__Aim of the task__
The expected result is an exact copy of the lines from the one holding "2022年2月20日,中英文" to the last line of the material, with pictures removed and nothing added.

__Data for this exercise__
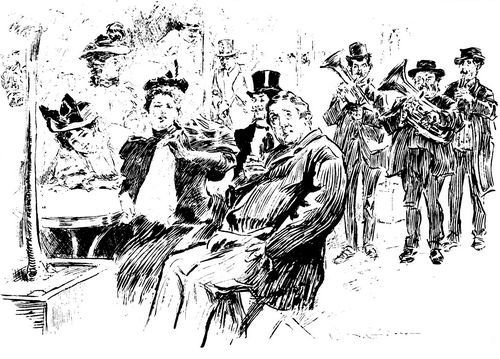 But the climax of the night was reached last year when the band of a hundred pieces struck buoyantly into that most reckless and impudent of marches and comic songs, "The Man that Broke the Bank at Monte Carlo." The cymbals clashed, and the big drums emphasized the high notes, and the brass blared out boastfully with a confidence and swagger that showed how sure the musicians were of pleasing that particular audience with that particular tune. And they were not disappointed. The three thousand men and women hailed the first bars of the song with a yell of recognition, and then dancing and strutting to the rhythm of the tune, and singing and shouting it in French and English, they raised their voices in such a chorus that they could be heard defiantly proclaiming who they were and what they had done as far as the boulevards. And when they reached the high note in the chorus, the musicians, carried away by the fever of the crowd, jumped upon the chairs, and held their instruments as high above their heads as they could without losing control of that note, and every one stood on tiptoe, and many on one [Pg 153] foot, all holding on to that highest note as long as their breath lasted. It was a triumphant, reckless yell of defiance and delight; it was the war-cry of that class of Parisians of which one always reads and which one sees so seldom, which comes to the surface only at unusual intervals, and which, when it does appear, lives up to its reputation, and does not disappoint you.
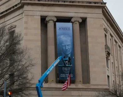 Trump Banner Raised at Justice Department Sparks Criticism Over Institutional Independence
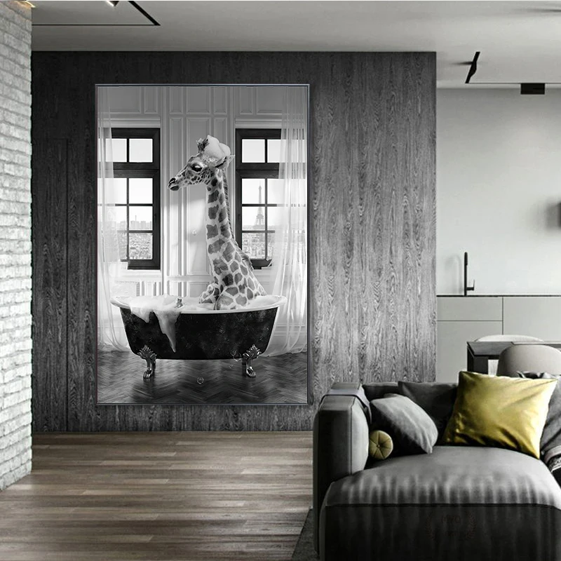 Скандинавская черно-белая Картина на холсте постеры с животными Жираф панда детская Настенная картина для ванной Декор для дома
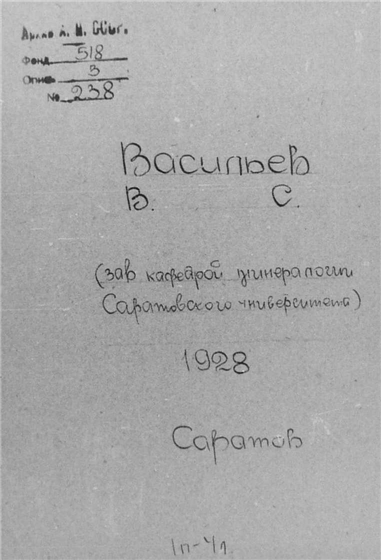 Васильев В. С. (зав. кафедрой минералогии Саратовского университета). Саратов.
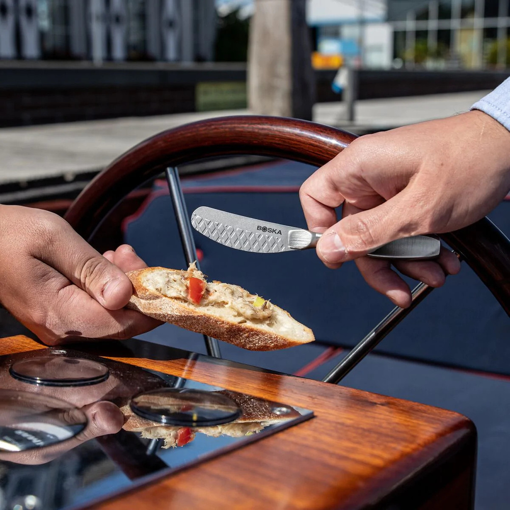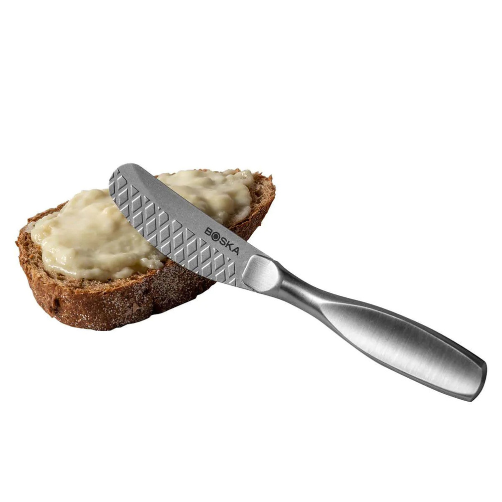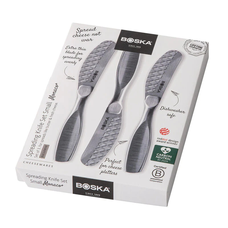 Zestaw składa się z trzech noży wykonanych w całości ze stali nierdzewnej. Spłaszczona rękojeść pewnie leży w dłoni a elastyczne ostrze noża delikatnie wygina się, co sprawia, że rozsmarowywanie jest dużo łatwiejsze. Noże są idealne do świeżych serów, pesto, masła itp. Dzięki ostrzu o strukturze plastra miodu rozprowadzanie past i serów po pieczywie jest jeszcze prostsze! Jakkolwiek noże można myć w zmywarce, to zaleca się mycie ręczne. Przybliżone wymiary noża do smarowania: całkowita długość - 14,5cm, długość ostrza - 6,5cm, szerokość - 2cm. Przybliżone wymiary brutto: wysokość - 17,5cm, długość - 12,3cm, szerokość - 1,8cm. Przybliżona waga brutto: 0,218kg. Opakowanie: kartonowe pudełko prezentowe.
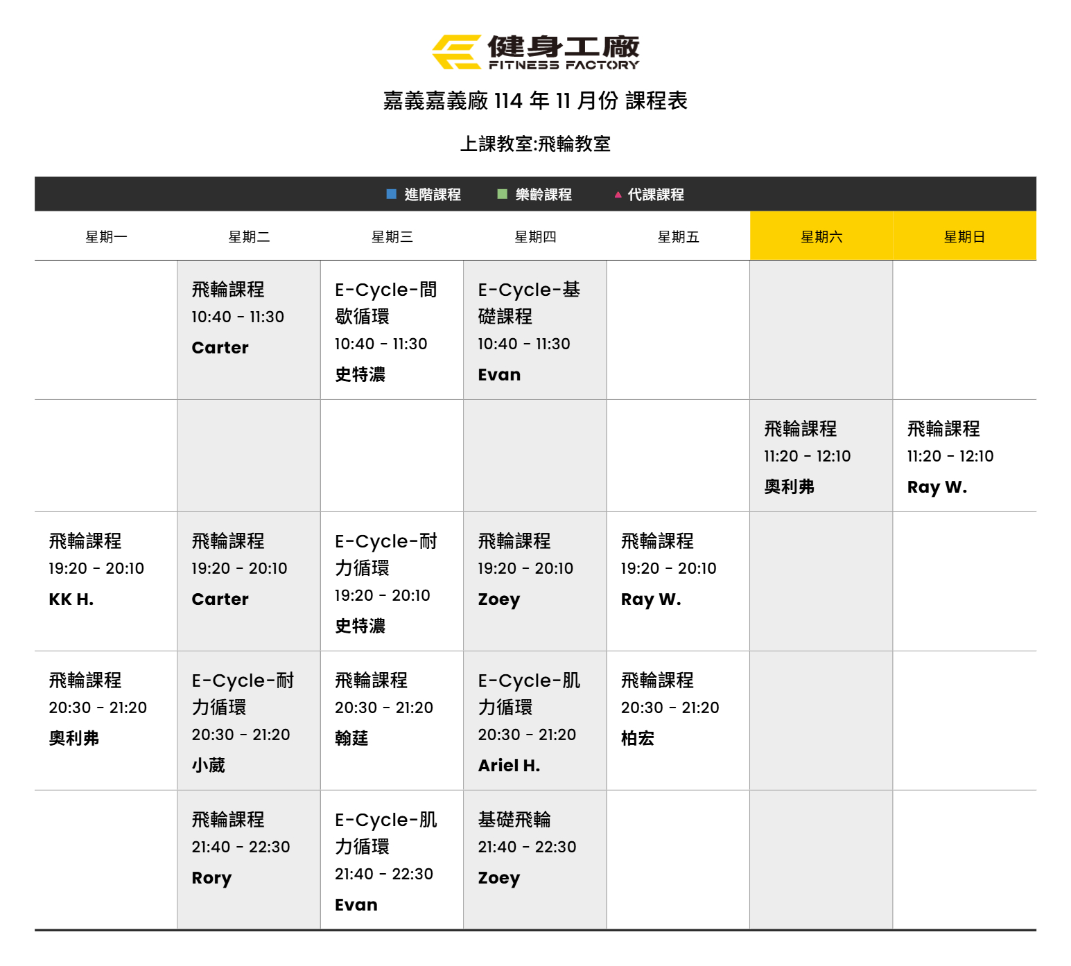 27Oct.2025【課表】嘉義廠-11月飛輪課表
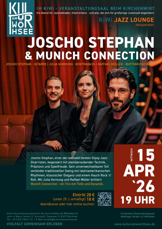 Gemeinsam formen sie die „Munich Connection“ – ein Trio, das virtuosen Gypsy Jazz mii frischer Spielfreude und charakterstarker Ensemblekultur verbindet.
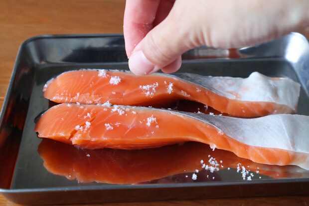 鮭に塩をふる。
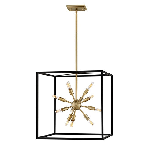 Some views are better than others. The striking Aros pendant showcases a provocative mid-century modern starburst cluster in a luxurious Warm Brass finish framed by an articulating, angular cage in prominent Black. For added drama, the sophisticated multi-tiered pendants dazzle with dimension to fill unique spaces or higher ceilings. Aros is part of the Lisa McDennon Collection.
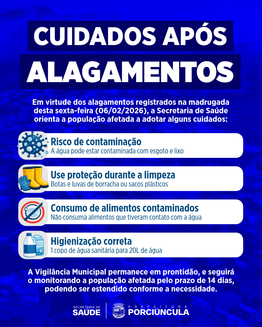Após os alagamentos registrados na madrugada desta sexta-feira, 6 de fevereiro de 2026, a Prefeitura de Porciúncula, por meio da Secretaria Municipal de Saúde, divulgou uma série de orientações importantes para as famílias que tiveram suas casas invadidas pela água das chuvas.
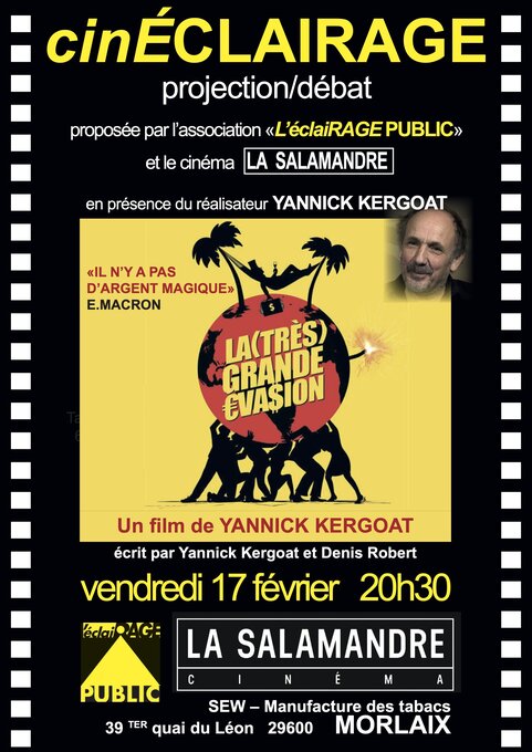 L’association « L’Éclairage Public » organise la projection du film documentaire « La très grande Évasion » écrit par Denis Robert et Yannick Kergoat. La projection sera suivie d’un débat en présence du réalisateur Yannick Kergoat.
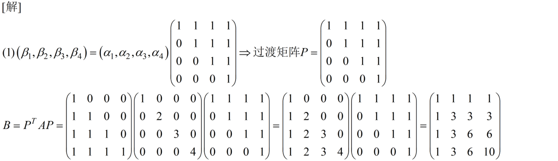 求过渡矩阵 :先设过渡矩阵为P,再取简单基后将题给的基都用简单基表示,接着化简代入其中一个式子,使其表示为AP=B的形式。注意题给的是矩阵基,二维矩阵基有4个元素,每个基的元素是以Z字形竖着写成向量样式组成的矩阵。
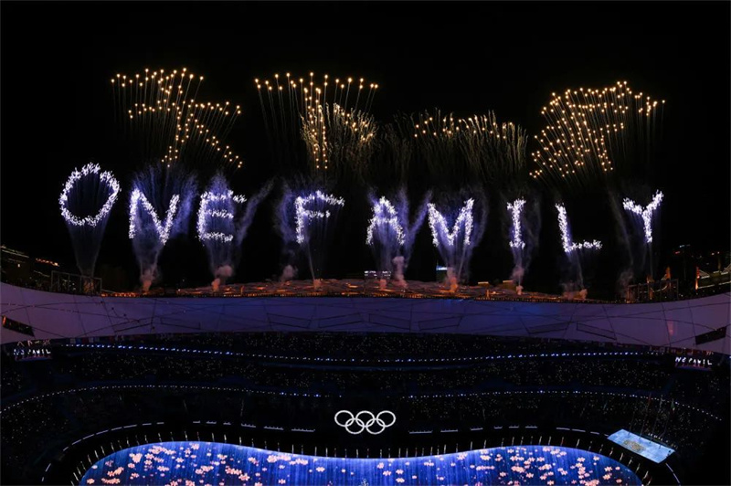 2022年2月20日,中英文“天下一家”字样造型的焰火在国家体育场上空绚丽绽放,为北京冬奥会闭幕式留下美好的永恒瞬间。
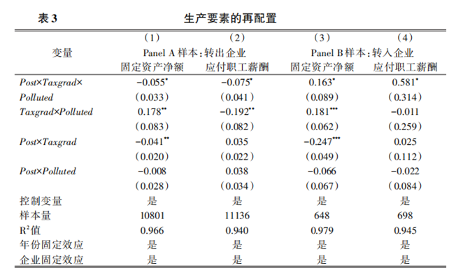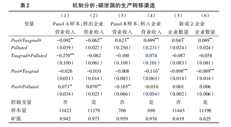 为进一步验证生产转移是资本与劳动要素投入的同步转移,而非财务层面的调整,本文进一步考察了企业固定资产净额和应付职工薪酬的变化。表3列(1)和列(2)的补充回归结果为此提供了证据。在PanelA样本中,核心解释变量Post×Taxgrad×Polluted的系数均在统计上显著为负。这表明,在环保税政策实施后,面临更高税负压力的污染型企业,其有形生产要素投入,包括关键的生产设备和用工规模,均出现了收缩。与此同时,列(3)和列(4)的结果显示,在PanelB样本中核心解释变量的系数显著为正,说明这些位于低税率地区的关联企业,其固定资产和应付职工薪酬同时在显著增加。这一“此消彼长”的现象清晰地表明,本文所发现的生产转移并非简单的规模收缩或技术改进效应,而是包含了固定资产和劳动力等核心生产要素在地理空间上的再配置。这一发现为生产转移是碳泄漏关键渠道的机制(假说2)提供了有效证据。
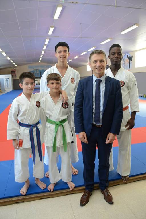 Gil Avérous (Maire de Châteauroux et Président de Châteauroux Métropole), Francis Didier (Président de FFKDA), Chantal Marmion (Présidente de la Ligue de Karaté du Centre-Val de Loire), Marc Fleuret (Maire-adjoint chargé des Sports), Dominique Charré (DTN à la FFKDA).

__Exercise response__
 2022年2月20日,中英文“天下一家”字样造型的焰火在国家体育场上空绚丽绽放,为北京冬奥会闭幕式留下美好的永恒瞬间。
 为进一步验证生产转移是资本与劳动要素投入的同步转移,而非财务层面的调整,本文进一步考察了企业固定资产净额和应付职工薪酬的变化。表3列(1)和列(2)的补充回归结果为此提供了证据。在PanelA样本中,核心解释变量Post×Taxgrad×Polluted的系数均在统计上显著为负。这表明,在环保税政策实施后,面临更高税负压力的污染型企业,其有形生产要素投入,包括关键的生产设备和用工规模,均出现了收缩。与此同时,列(3)和列(4)的结果显示,在PanelB样本中核心解释变量的系数显著为正,说明这些位于低税率地区的关联企业,其固定资产和应付职工薪酬同时在显著增加。这一“此消彼长”的现象清晰地表明,本文所发现的生产转移并非简单的规模收缩或技术改进效应,而是包含了固定资产和劳动力等核心生产要素在地理空间上的再配置。这一发现为生产转移是碳泄漏关键渠道的机制(假说2)提供了有效证据。
 Gil Avérous (Maire de Châteauroux et Président de Châteauroux Métropole), Francis Didier (Président de FFKDA), Chantal Marmion (Présidente de la Ligue de Karaté du Centre-Val de Loire), Marc Fleuret (Maire-adjoint chargé des Sports), Dominique Charré (DTN à la FFKDA).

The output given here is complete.